8. S'il a été versé aux débats un nouvel extrait de certificat d'enregistrement de naissance relatif à Mlle C..., ce document porte un numéro n°CMRS (B 700131-19-12374) et un ancien numéro d'acte (n°266) différents de ceux portés sur l'acte produit à l'appui de la demande de visa et ce document indique au demeurant une déclaration de naissance le 6 juillet 2004 et non le 27 mai 2004. Les requérants n'apportent pas d'explications sur ces discordances, se bornant à alléguer que les certificats de naissance comportent des numéros différents à chaque demande d'extrait d'acte de naissance. Dès lors, les différents actes de naissance produits sont dépourvus de valeur probante et ne peuvent attester du lien de filiation de Mlle G... C... vis-à-vis de M. C....
9. En tout état de cause, les requérants ne contestent pas le second motif tiré de l'intérêt supérieur de l'enfant à rester auprès de sa mère et il résulte de l'instruction que la commission aurait pris la même décision en se fondant sur ce second motif, qui suffit à fonder la décision contestée.
En ce qui concerne M. H... B... :
10. Si les requérants font valoir que ni la commission ni le ministre de l'intérieur ne contestent le caractère authentique de l'acte de naissance de M. B..., ils ne contestent pas l'autre motif de la décision attaquée, fondé sur l'intérêt supérieur de M. B... à demeurer au Pakistan auprès de sa mère, alors qu'il résulte de l'instruction que la commission aurait pris la même décision si elle n'avait retenu que ce seul motif, qui suffisait à fonder le refus de visa.
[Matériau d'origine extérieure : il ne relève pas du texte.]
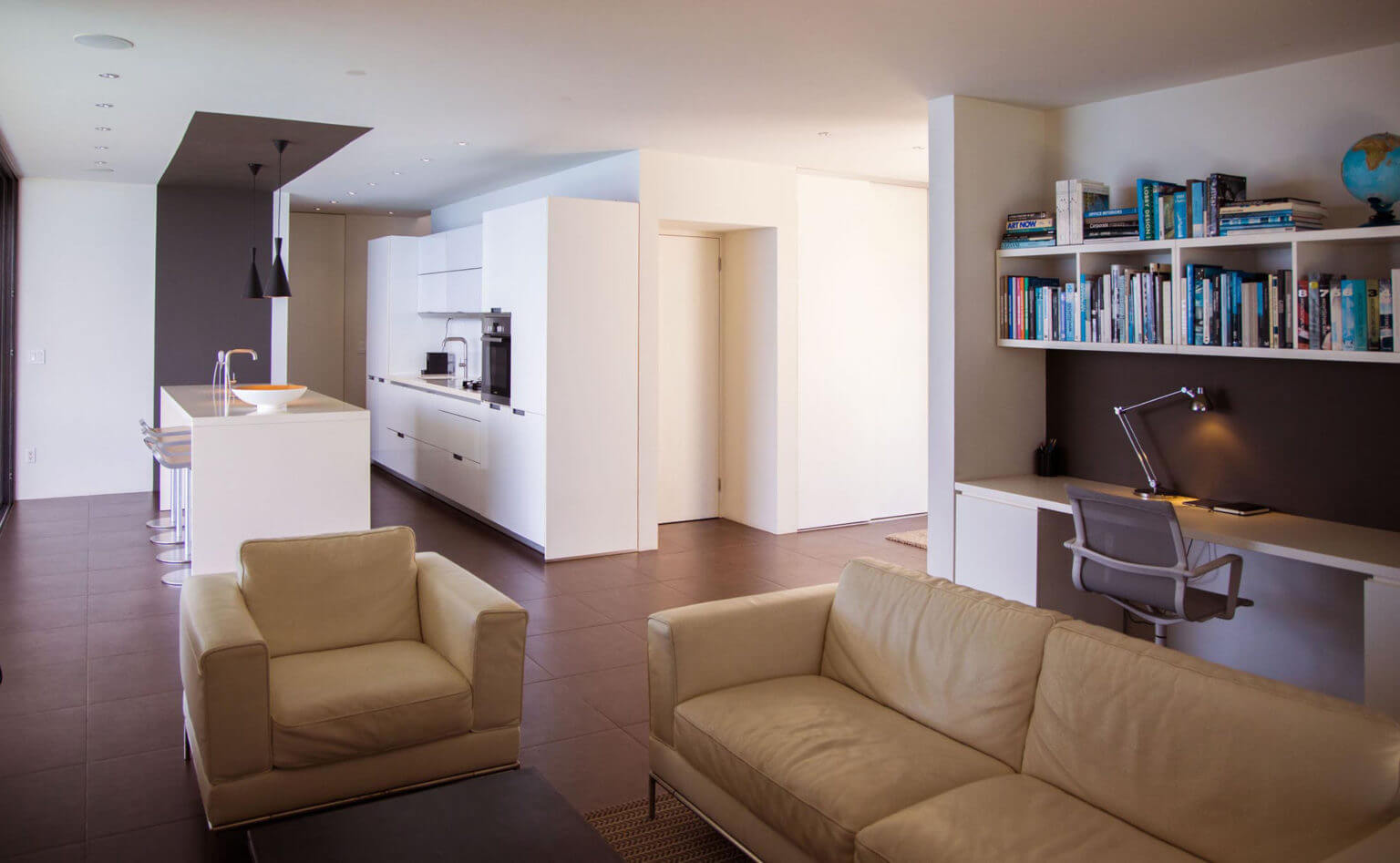 • Open kitchen area with kitchen island bar and stools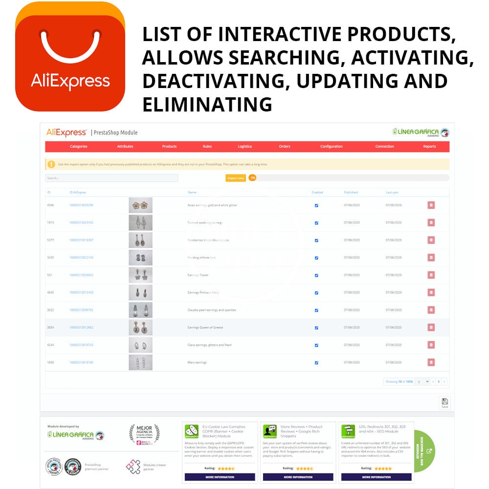 - It includes an interactive list of products, where you can search for your published products and activate, deactivate, update or delete them directly from the list.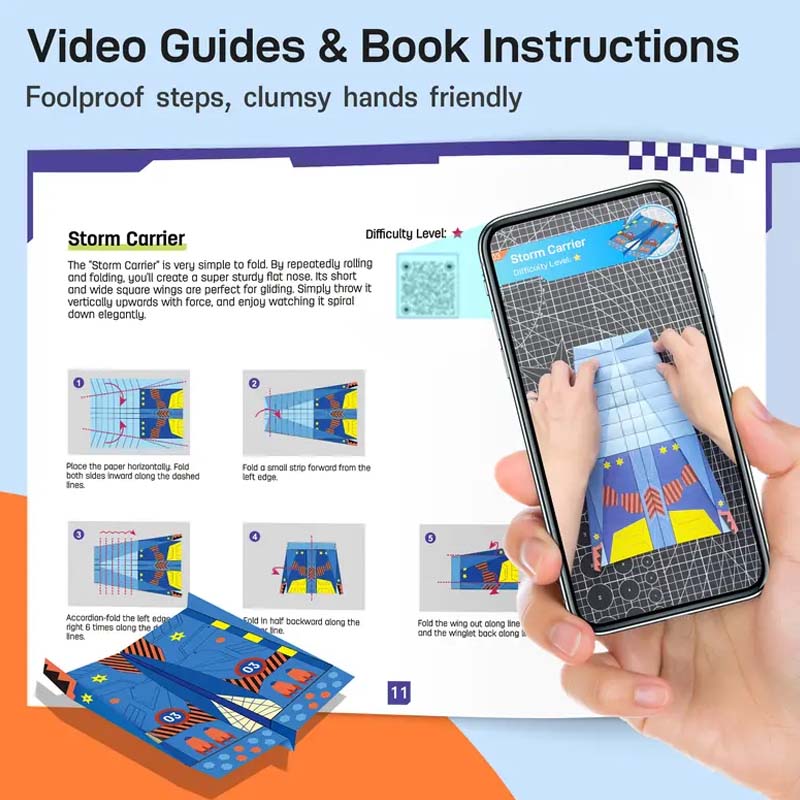 LÄTT OCH LÄTT ATT FALSA FÖR ALLA -Ingen erfarenhet av origami? Det är inget problem! Våra förkryssade viklinjer fungerar som stödhjul för pappersflygplan och guidar små händer till perfekta veck varje gång. Alla kan vara med på det roliga, från nybörjare till proffs, och bygga upp självförtroendet med varje vikning.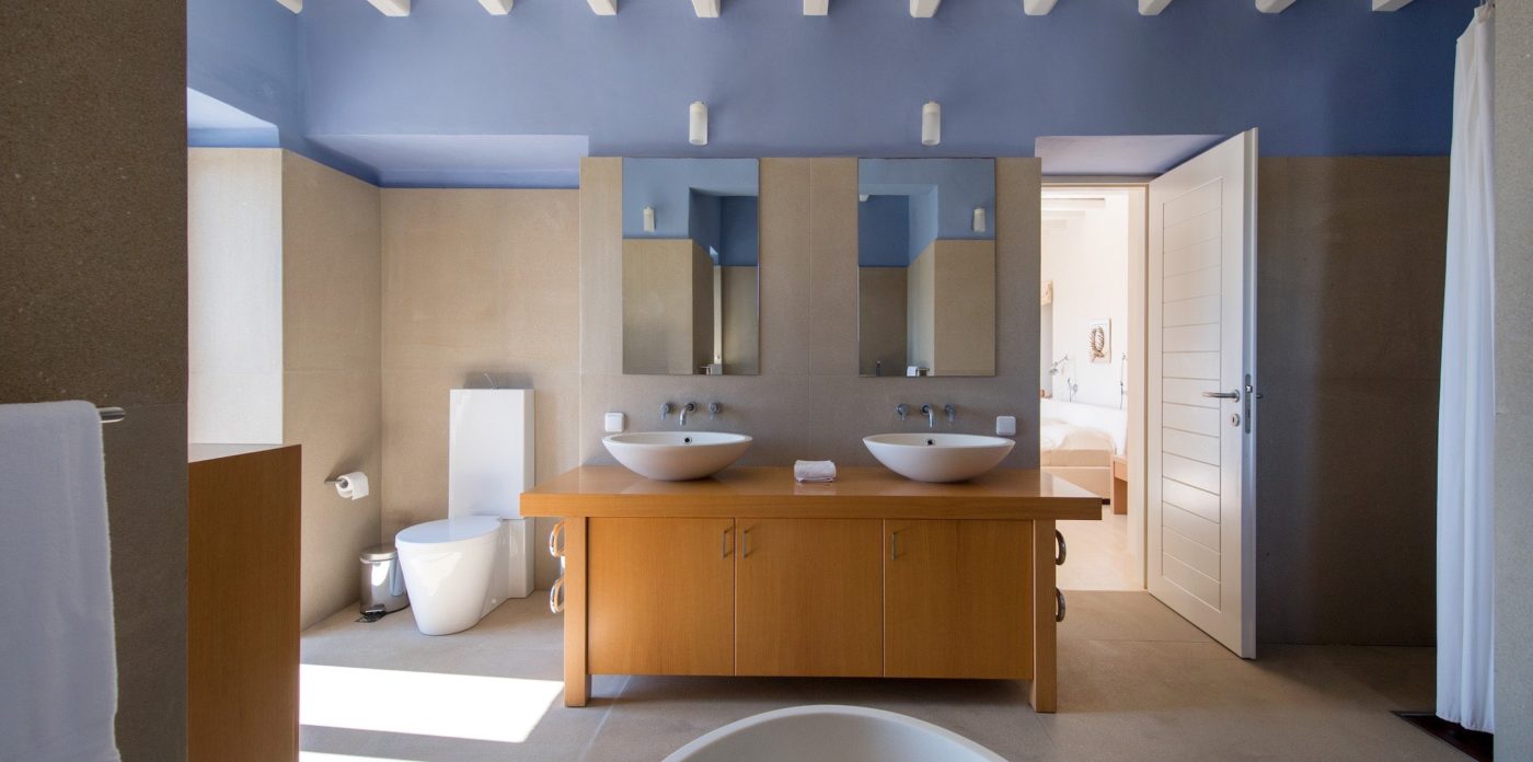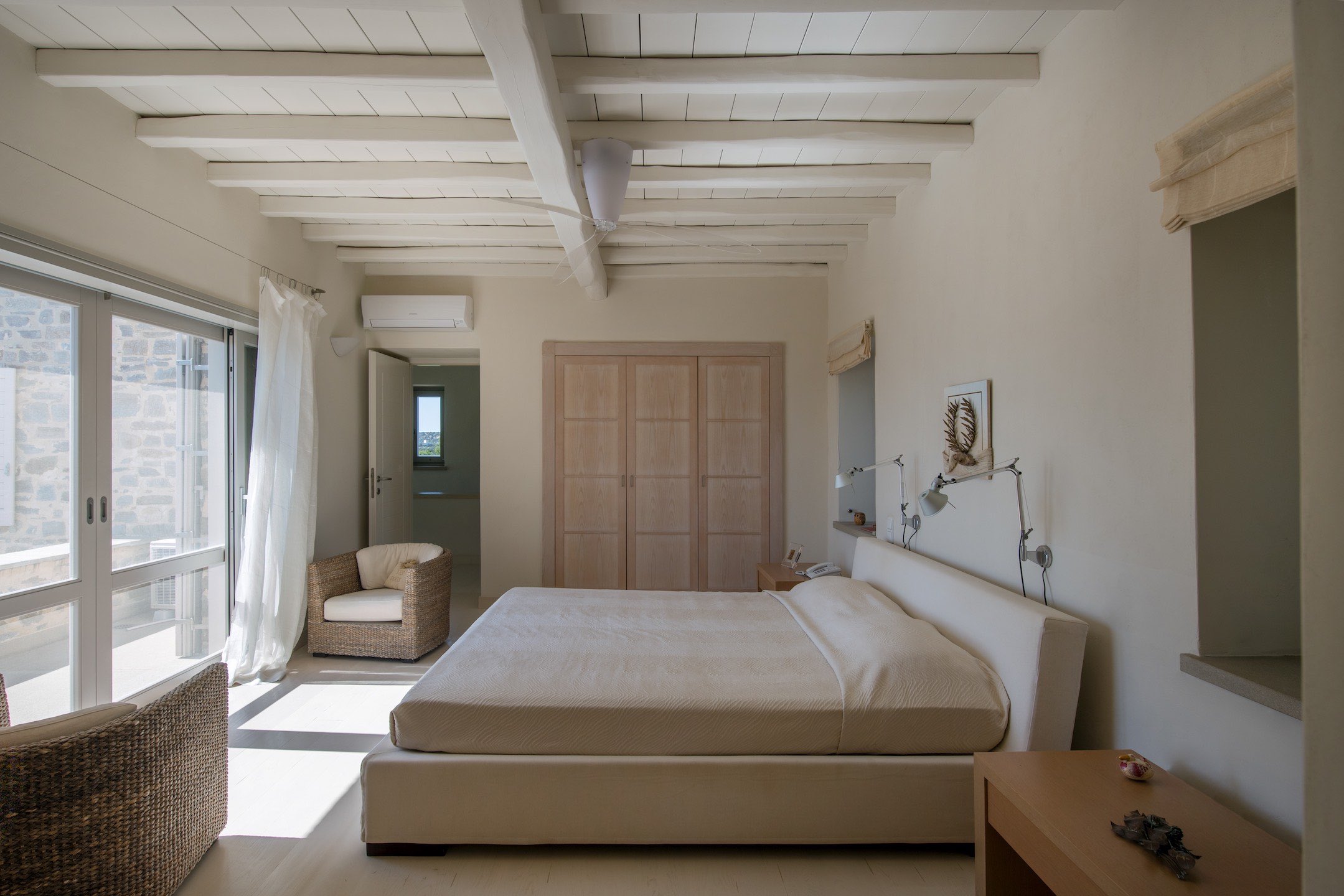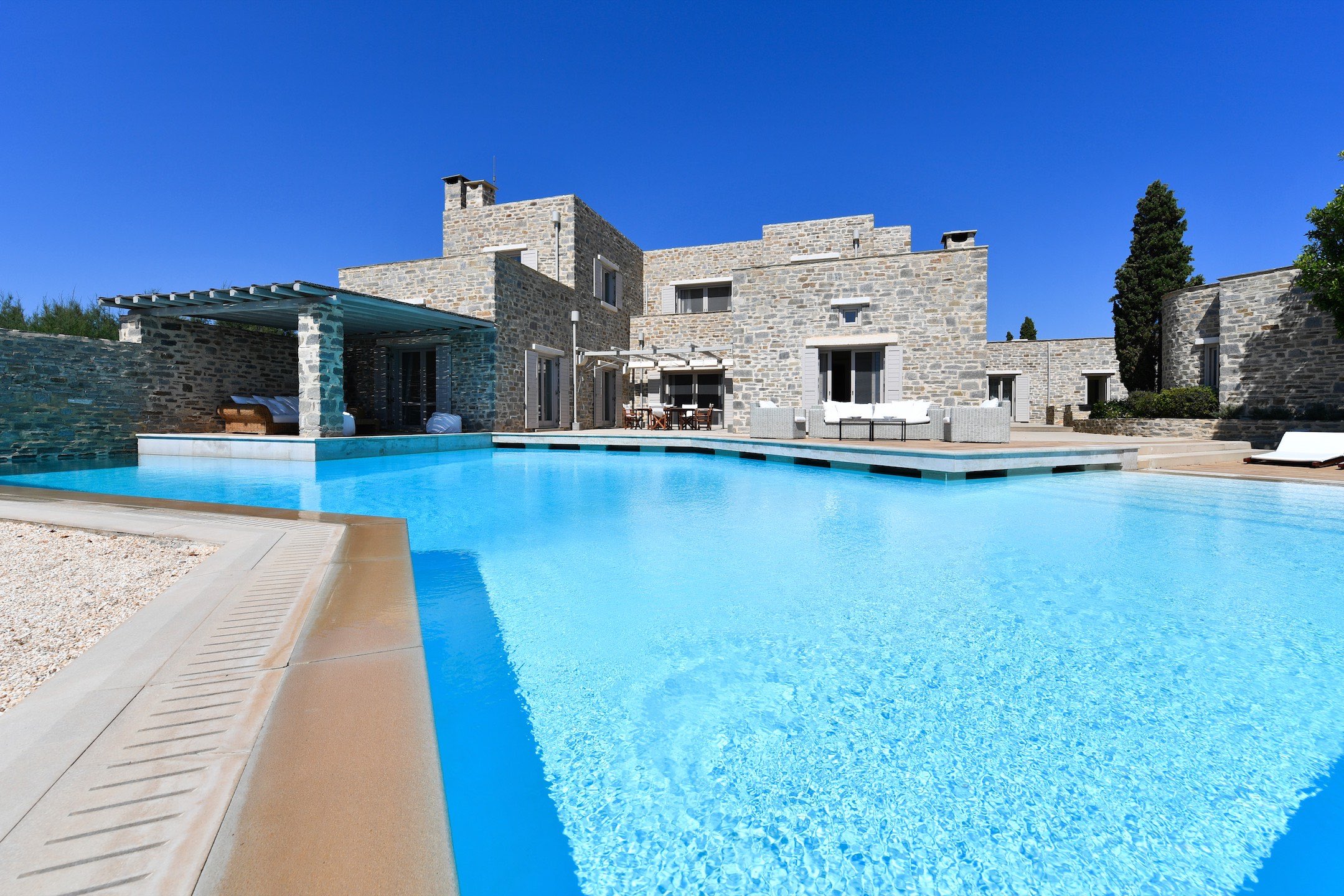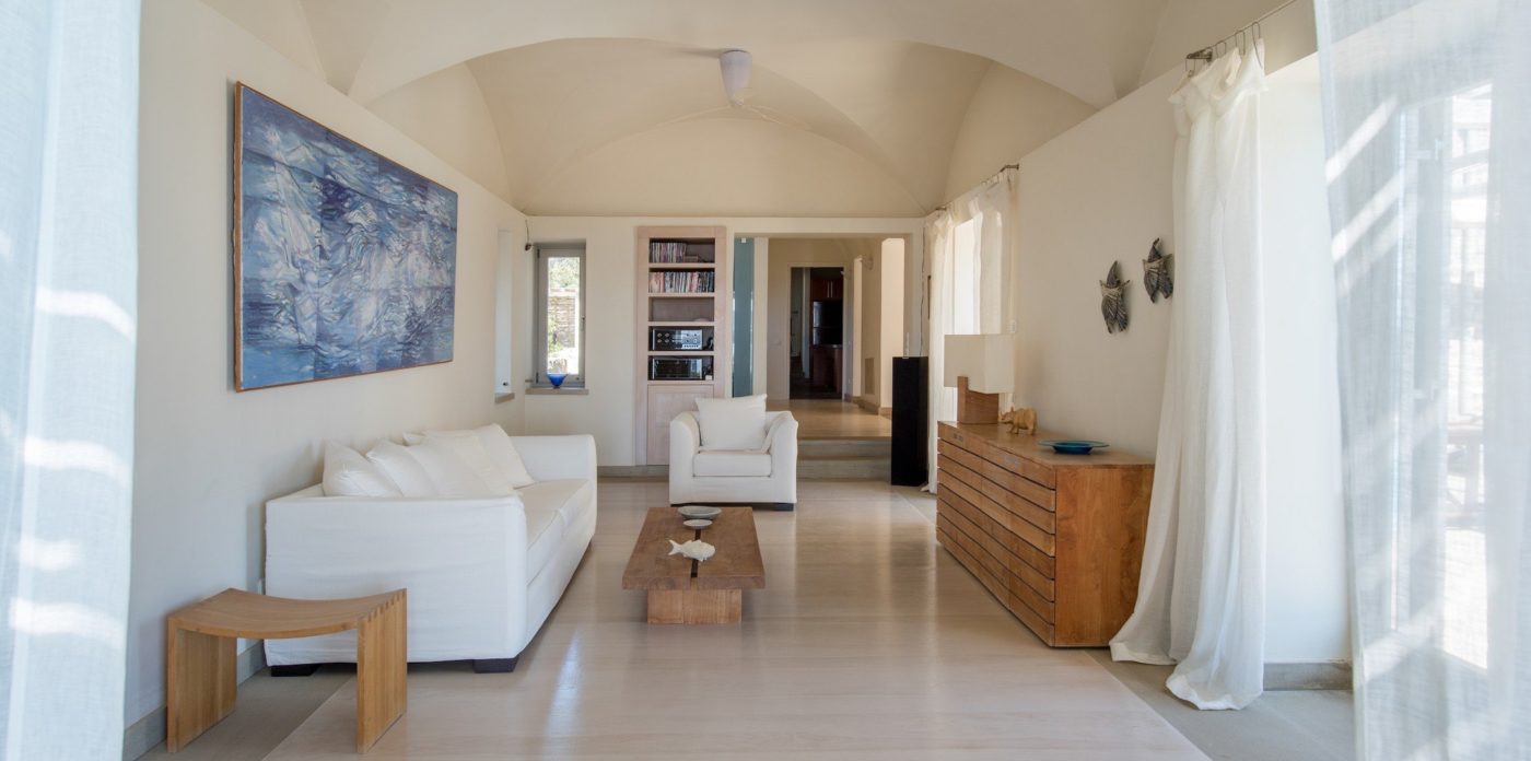 The property of 546 sq.m ( plus 258 sq.m auxiliary areas ) offers several types of accommodation and in several levels. You may choose among the main house, the independent guesthouse or the guest suite sleeping in a total of 12 guests. All offer clean lines and modern furnishings with warm colours as the owner has chosen neutral tones and wood as the dominant material.

11. Il résulte de l'ensemble de ce qui précède que MM. C... et B... ne sont pas fondés à soutenir que c'est à tort que, par le jugement attaqué, le tribunal administratif de Nantes a rejeté leur demande. Leurs conclusions à fin d'injonction sous astreinte et celles tendant à l'application des dispositions de l'article L. 761-1 du code de justice administrative doivent, par voie de conséquence, être rejetées.
DECIDE :
Article 1er : La requête de M. C... et de M. B... est rejetée.
Article 2 : Le présent arrêt sera notifié à M. F... C..., à M. H... B... et au ministre de l'intérieur
Délibéré après l'audience du 6 octobre 2020 à laquelle siégeaient :
- M. Couvert-Castéra, président de la cour,
- Mme Douet, présidente assesseur,
- M. L'hirondel, premier conseiller.
Lu en audience publique, le 23 octobre 2020.
Le rapporteur,
H. Douet
Le président,
O. COUVERT-CASTÉRA
Le greffier,
K. BOURON
La République mande et ordonne au ministre de l'intérieur en ce qui le concerne, et à tous huissiers de justice à ce requis en ce qui concerne les voies de droit commun contre les parties privées, de pourvoir à l'exécution de la présente décision.